We add four elements to the array with the add() method.

for (Object el : da) {
    
    System.out.println(el);
}

We iterate through the array list and print its elements to the console.

$ java com.zetcode.ArrayListMultipleEx 
Java
3.5
55
com.zetcode.Base@1535ac

Here we can see the output of the com.zetcode.ArrayListMultipleEx.
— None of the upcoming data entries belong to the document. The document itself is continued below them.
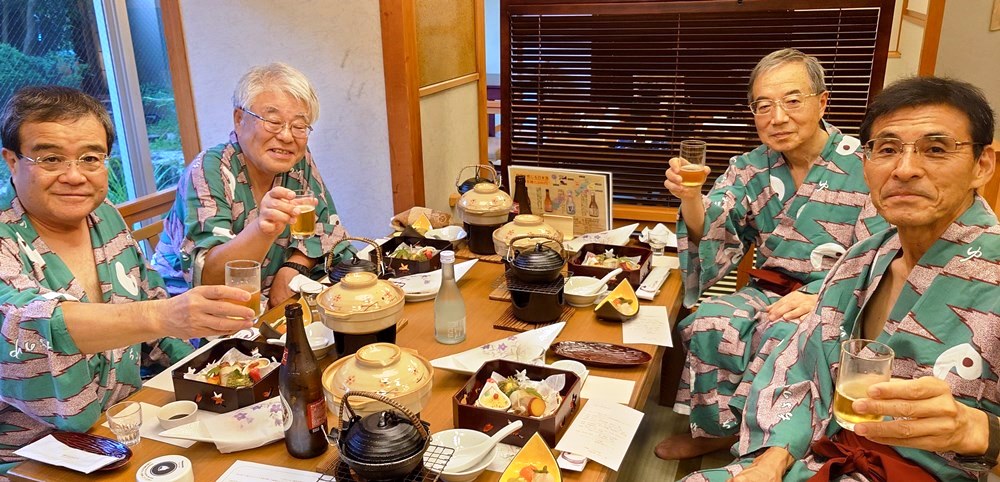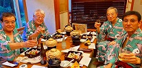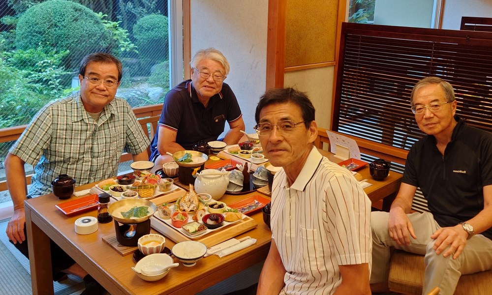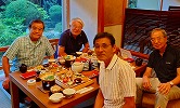 左から、妻(京子)私(和経)愛岐商事・会長の梶田さんと多治見市池田「日本料理 水野」にて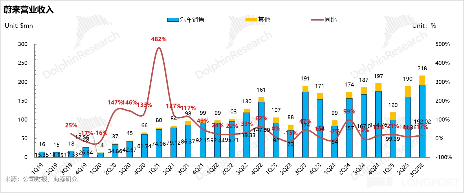 蔚来三季度整体收入 218 亿,同比增速 17%,基本与市场预期持平,其中卖车业务 192 亿,虽然卖车单价由于本季度车型结构等阶段性影响在环比下滑,但 L90 的爆销,也直接带动卖车销量端达到 8.7 万辆,环比增速 21%,而对于蔚来来说,销量就是活下去的希望。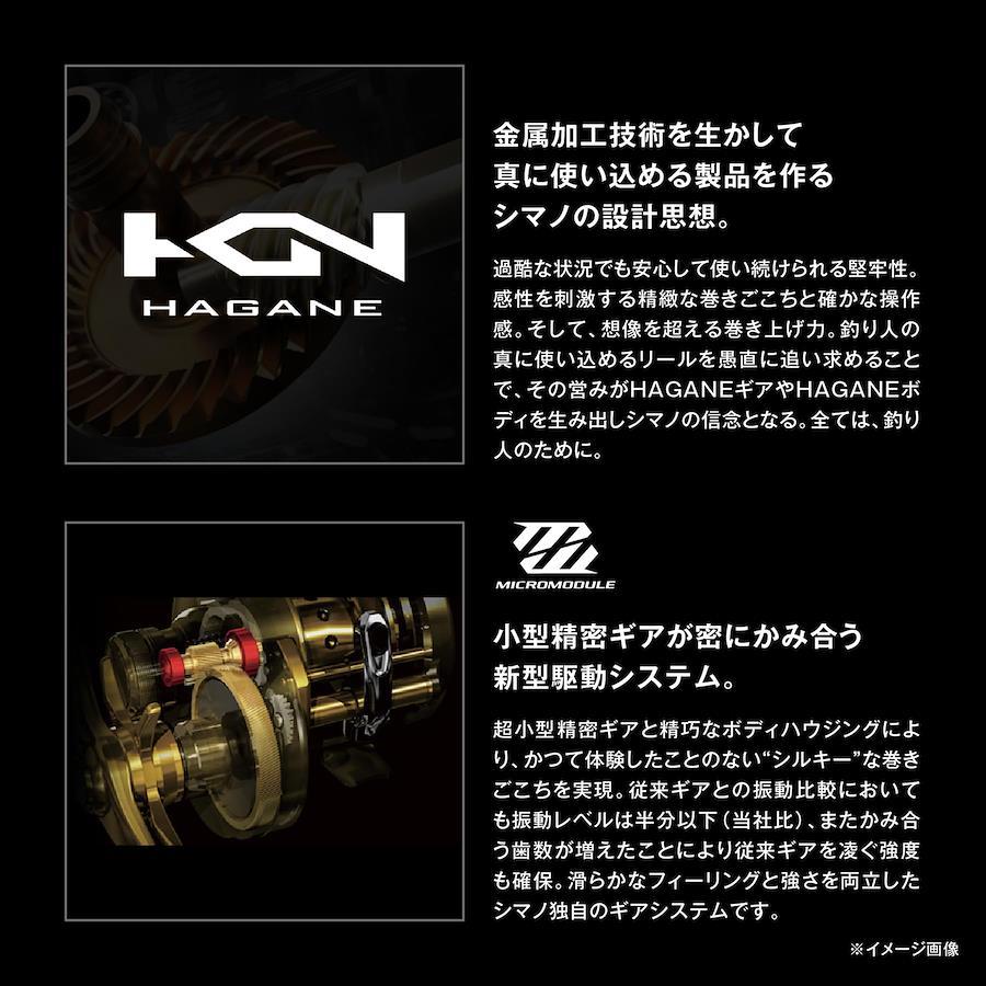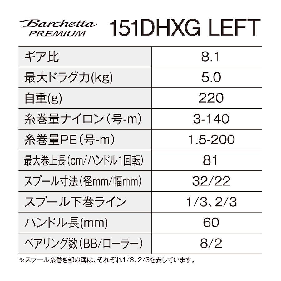シマノ(SHIMANO) 両軸リール 24 バルケッタ プレミアム !!快適に巻き、意のままにフォールを演出。マイクロモジュールギア搭載、HAGANEボディとX-SHIPにより滑らかな巻きごこちと剛性を備えるカウンター付軽量リール、バルケッタプレミアムが更なるアップデートを遂げて登場。ワンウェイローラーベアリング搭載でブレーキをかけてもハンドル回転が重くならないNEWフォールレバーを搭載、スローフォールの誘いが有効となるメタルスッテ、タチウオ、ヒラメ、一つテンヤ、鯛ラバ、SLJなどにおいて、巻きごこちをスポイルすることなく幅広く精密なフォールスピード調整を可能にします。視認性が向上したNEWラインカウンターに加え、設定距離ごとに音が鳴る巻き上げ距離アラームにより巻き始めからの距離を耳でも把握できるためティップから目を離すことなくタナを知ることが可能。ハンドルはシングルハンドル、ダブルハンドル共に60mmのロングハンドル仕様。CI4+素材などにより前モデルと比較して大幅な軽量化も達成しました。緻密にフォールをコントロール。いわゆるフォールのアタリや誘いは、メタルスッテゲームはもちろん、様々な釣りで重要とされるファクター。ターゲットによっては誘い上げと同等かそれ以上に重視されます。そのフォールスピードを自在に、かつハンドルの巻き心地にストレスを掛けることなく調整、再現することを可能にしたのがNEWフォールレバー。ワンウェイローラーベアリング搭載により、巻取り方向では回転が重くならない画期的な構造でフォールレバーを締め込んでもハンドルの巻きが重くならず、フォールスピードに左右されない安定したリーリングを実現。さらにレバー自体を幅広の形状に設計し、上面にはくぼみを持たせることによりレバーを上げた位置でも下げた位置でも指を掛けやすくなり操作性も向上。加えて視野角が広がり、巻上距離アラームなど新たな機能も加わったカウンターの搭載も相まって、フォールスピード、ヒットレンジの把握によるヒットパターンの再現性も高まっています。前モデルより30g以上の軽量化による、軽快な操作性。CI4+にアップデートしたサイドプレート部分を筆頭に、ディテールまで重量を見直すことにより、HAGANEボディでありながら全体で30g以上という大幅な軽量化(※)に成功しました。握り込みやすいロープロファイルのボディデザインと合わせ軽快な操作性をお届けします。※前モデルとの比較※こだわりの60mmロングハンドル。150、151には剛性に優れた冷間鍛造60mmパワーハンドルを、150DHXG、151DHXG、150DH、151DHには、シマノダブルハンドルモデル最長となる60mmロングダブルハンドルを標準装備。手のひらでしっかり握り込める大型ノブとの組み合わせでリーリングの安定感も向上し、長時間の釣りにもアングラーの疲労を軽減します。重めのメタルスッテやオモリを使用するシーンや大型の青物とのファイトでもパワー負けせず、安定した力強い巻き上げをサポートします。 巻上距離アラームで無駄のないアプローチをサポート。バルケッタ プレミアムに新たに搭載された巻上距離アラームはカウンターの水深表示に目をやることなく巻上距離を察知する新機能です。着底後に巻き始めた時点から計測を開始。設定距離の倍数で3回まで音が鳴り、カウンターを見ずとも音で巻上距離がわかります。例えば5m設定(A-5)の場合、底から15mまで5mごとに計3回の通知音が鳴り、釣り人に巻上距離を知らせます。この機能により船長の「底から○mで反応あり」「着底したら○m上げて」といった指示ダナに対してカウンターに目をやることなく聴覚による直感的な判断が可能となります。着底からの巻き上げ時、指示ダナへの集中力をこれまで以上に高めるための新たな機能です。糸巻き学習をより簡単に。糸巻き学習はスプール回転と糸巻量の関係をデジタルカウンターに記憶させ、この関係を用いて水深を表示させる機能です。従来モデルの学習機能に加えて、このサイズで使用頻度の高いPE 0.6/0.8/1.0/1.2/1.5号の学習データを搭載しました。下巻き量に関わらず、スプール外径から約1mmの位置まで指定糸が巻かれていれば、実用上十分な誤差範囲内で使用できます。※使用上の注意※指定糸学習はスプール最外径から約1mmの位置まで下巻きラインを含めて指定糸(シマノPEライン)を巻いた時の標準的な学習値になります。お客様の実際に巻かれる糸の種類やラインテンション、糸巻き後の外径によって精度が下がる場合があります。より確実に精度を求める場合はE1、E2、L1、L2モードにて学習してください。船のライトゲームを楽しみたい、全ての人におすすめしたいリールです。今回のモデルチェンジで進化した点の中で、まず実釣でその機能を体感、活用できるのがNEWフォールレバーです。フォールレバーはレバー操作により簡単にフォールスピードを調整できる機構なのですが、以前はそのブレーキがハンドルの巻きに影響してしまうため、例え

The next example will present some ArrayList methods.

ArrayListMethodsEx.java
package com.zetcode;

import java.util.ArrayList;
import java.util.Iterator;
import java.util.List;

public class ArrayListMethodsEx {

    public static void main(String[] args) {

        List<String> names = new ArrayList<String>();
        names.add("Jane");
        names.add("Thomas");
        names.add("Robin");
        names.add("David");
        names.add("Becky");
        
        System.out.println(names);    
        names.set(1, "Tom");
        System.out.println(names);         

        System.out.format("There are %d elements in the collection%n",
                names.size());

        names.remove(1);
        System.out.format("There are %d elements in the collection%n",
                names.size());            
        
        System.out.println(names.get(3));
        
        System.out.println("************");

        Iterator<String> it = names.iterator();
        
        while (it.hasNext()) {
            
            System.out.println(it.next());
        }        
    }
}

In the example we present some useful methods of the ArrayList container.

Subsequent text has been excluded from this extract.